**WORK TO COMPLETE:** Your output should be the lines from the one with "Oldcastle; County of" through the last line of the records below, exactly as written, minus the pictures.
___ DATA PROVIDED ___
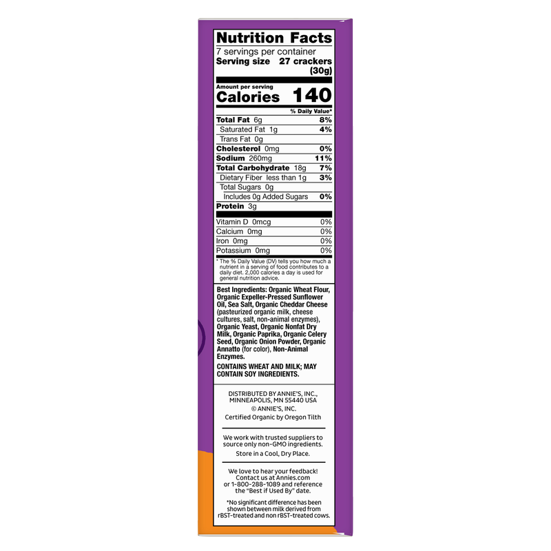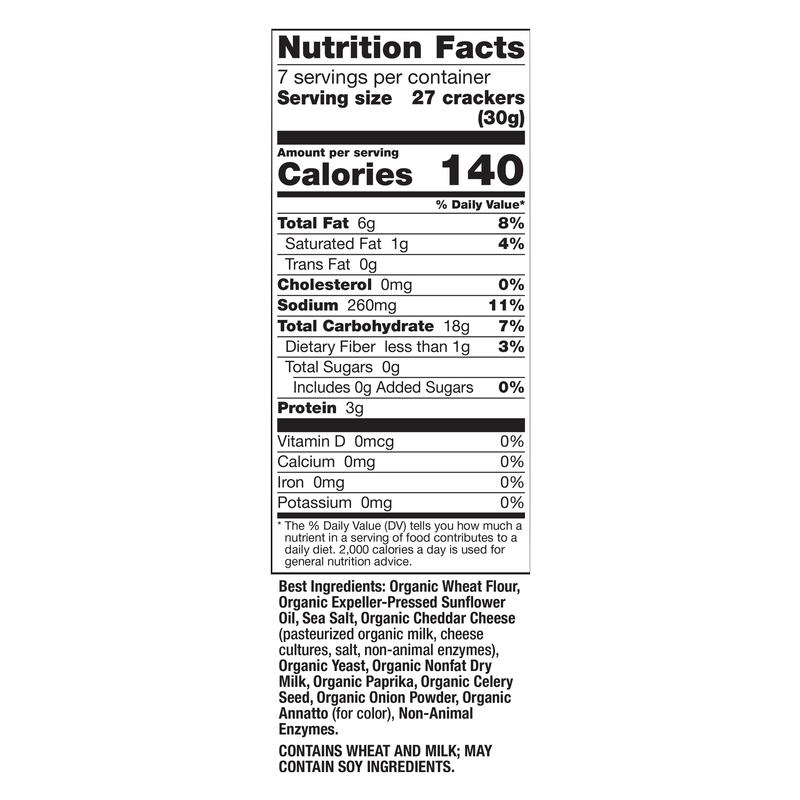 Whether it’s snack time or party time, these organic crackers are just the right thickness to pack the perfect crunch. Serve ‘em with your favorite spread or pack ‘em in a lunch box plain. Made without any of the artificial stuff, these organic, real cheese-baked bites are delicious any way you snack ‘em.
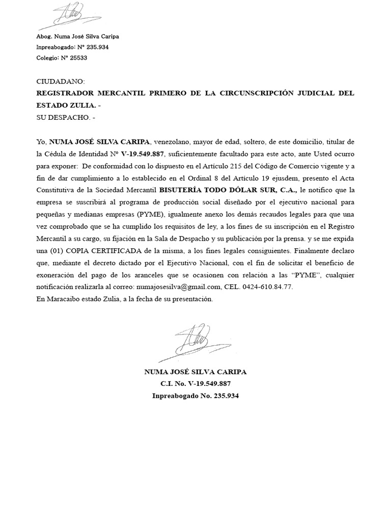 Constitutiva de la Sociedad Mercantil BISUTERÍA TODO DÓLAR SUR, C.A., le notifico que la
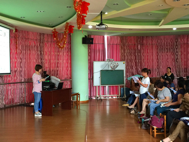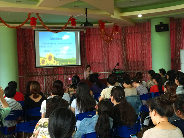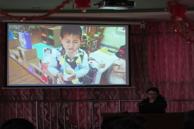 为了使评比活动能更好地引领教师对一级环境创设展开深入的思考,在活动中,评委就主题墙的创设和区域游戏材料投放等与参评作品的教师进行了有效交流,以提升教师对班级环境创设价值的认识。
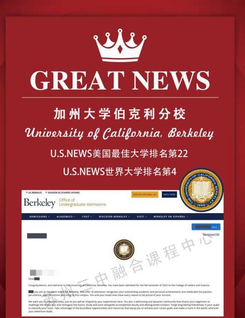 恭喜苏州三中融合课程中心Catherine Xu同学斩获美国“公立常春藤”大学加州大学伯克利分校录取!
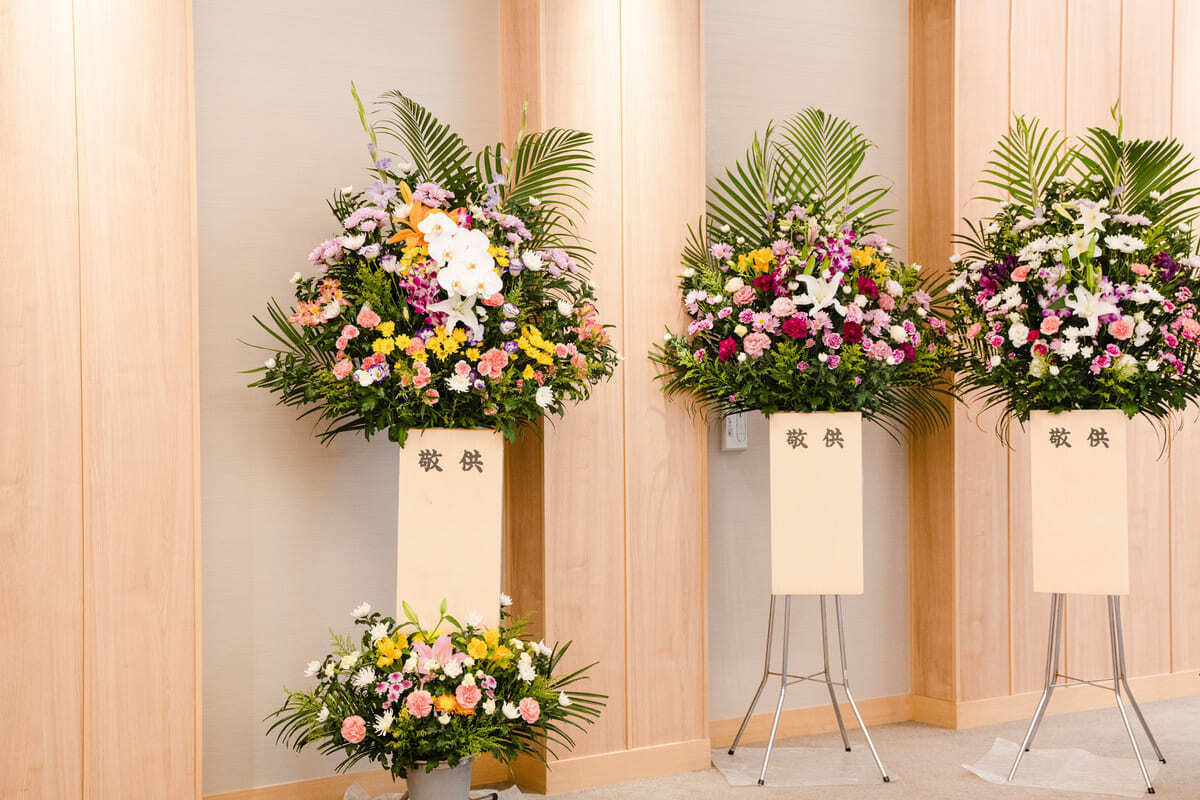 供花には贈り主が分かるように札名が付いており、葬儀会場の祭壇付近に配置されます。祭壇を挟むようにして関係の深い方から順に供花を並べるのが一般的です。ご遺族や参列者にとっては、供花を眺めることで生前の故人を偲ぶ時間を過ごせるでしょう。
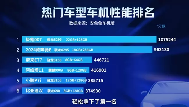 以骁龙8295为代表的第四代骁龙座舱平台采用了5纳米制程工艺,为汽车制造商提供高性能的系统级芯片(SoC),带来更强的图形图像、多媒体、计算机视觉、AI处理等能力,并可与5G、C-V2X等先进的连接技术配合,助力汽车产业伙伴打造全新的智能网联汽车。跑分平台安兔兔公布的车机版性能榜单显示,基于骁龙8295的极氪007凭借着超过100万的分数高居榜首,2024款奔驰E位居第二名,均表现出强大的软硬件处理能力。
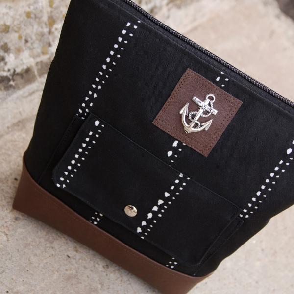 - Außenseite aus schwarzem Outdoorstoff mit weißen Punkten (wasserabweisender Stoff) und schokobraunem Kunstleder
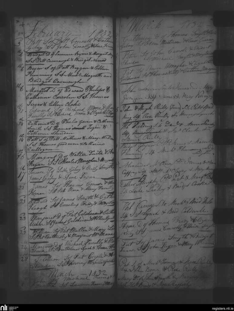 Oldcastle; County of Meath; Diocese of Meath. Baptisms, Feb. 1832 to Mar. 1832
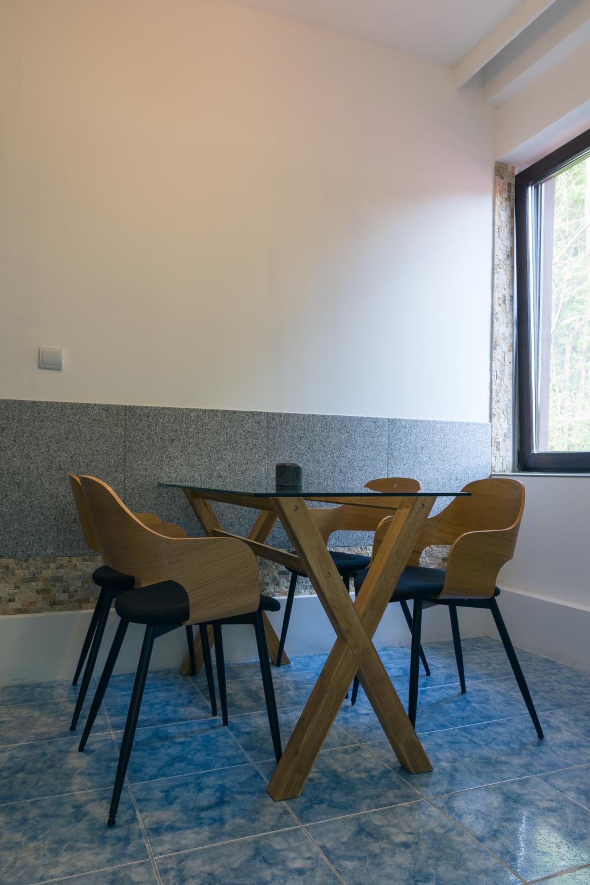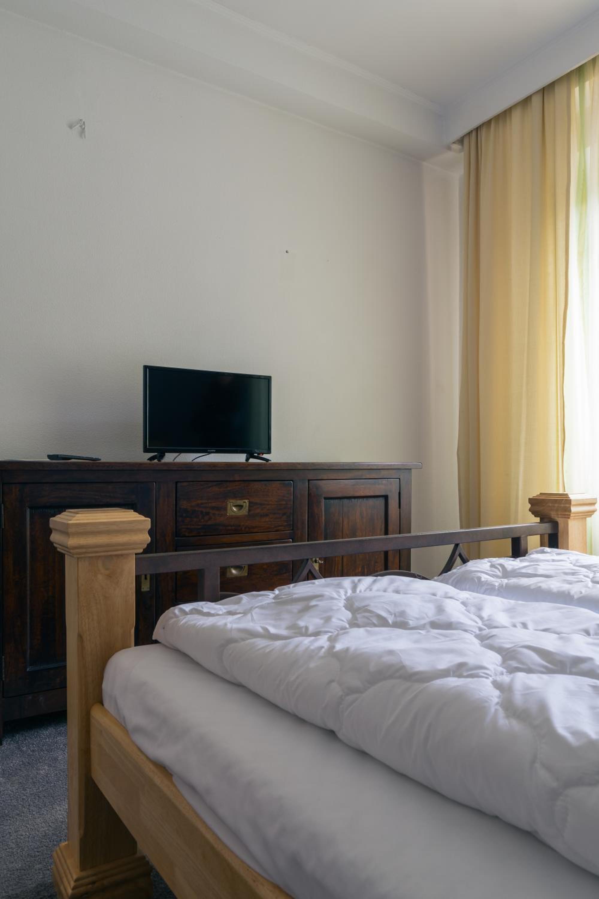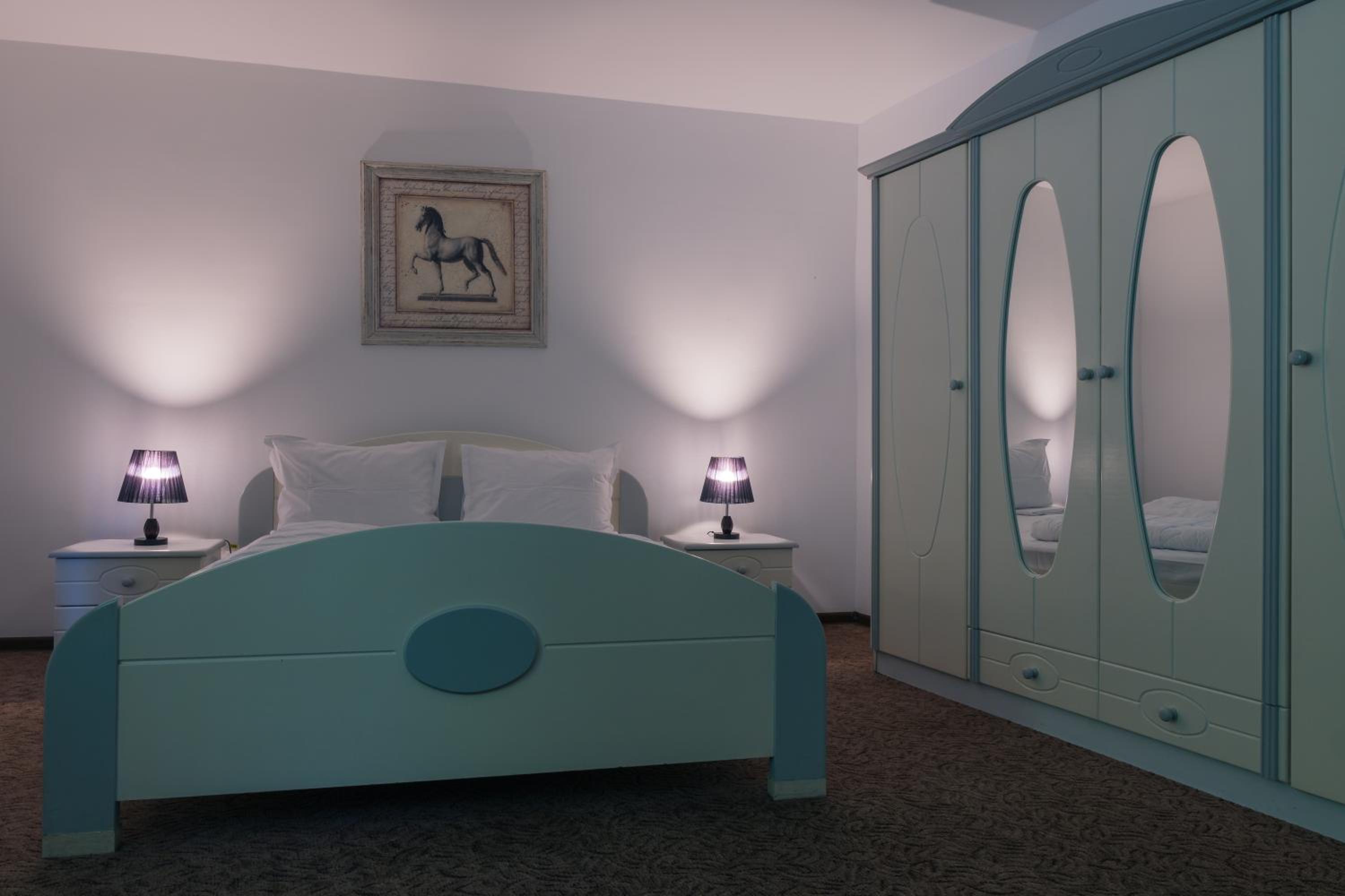 Camere mari, spatioase, mobilier din lemn masiv superb, saltele moi foarte comode, zona de luat masa eleganta cu frigider, ceainic si fierbator de apa.
___
**REPLY:**
 Oldcastle; County of Meath; Diocese of Meath. Baptisms, Feb. 1832 to Mar. 1832
 Camere mari, spatioase, mobilier din lemn masiv superb, saltele moi foarte comode, zona de luat masa eleganta cu frigider, ceainic si fierbator de apa.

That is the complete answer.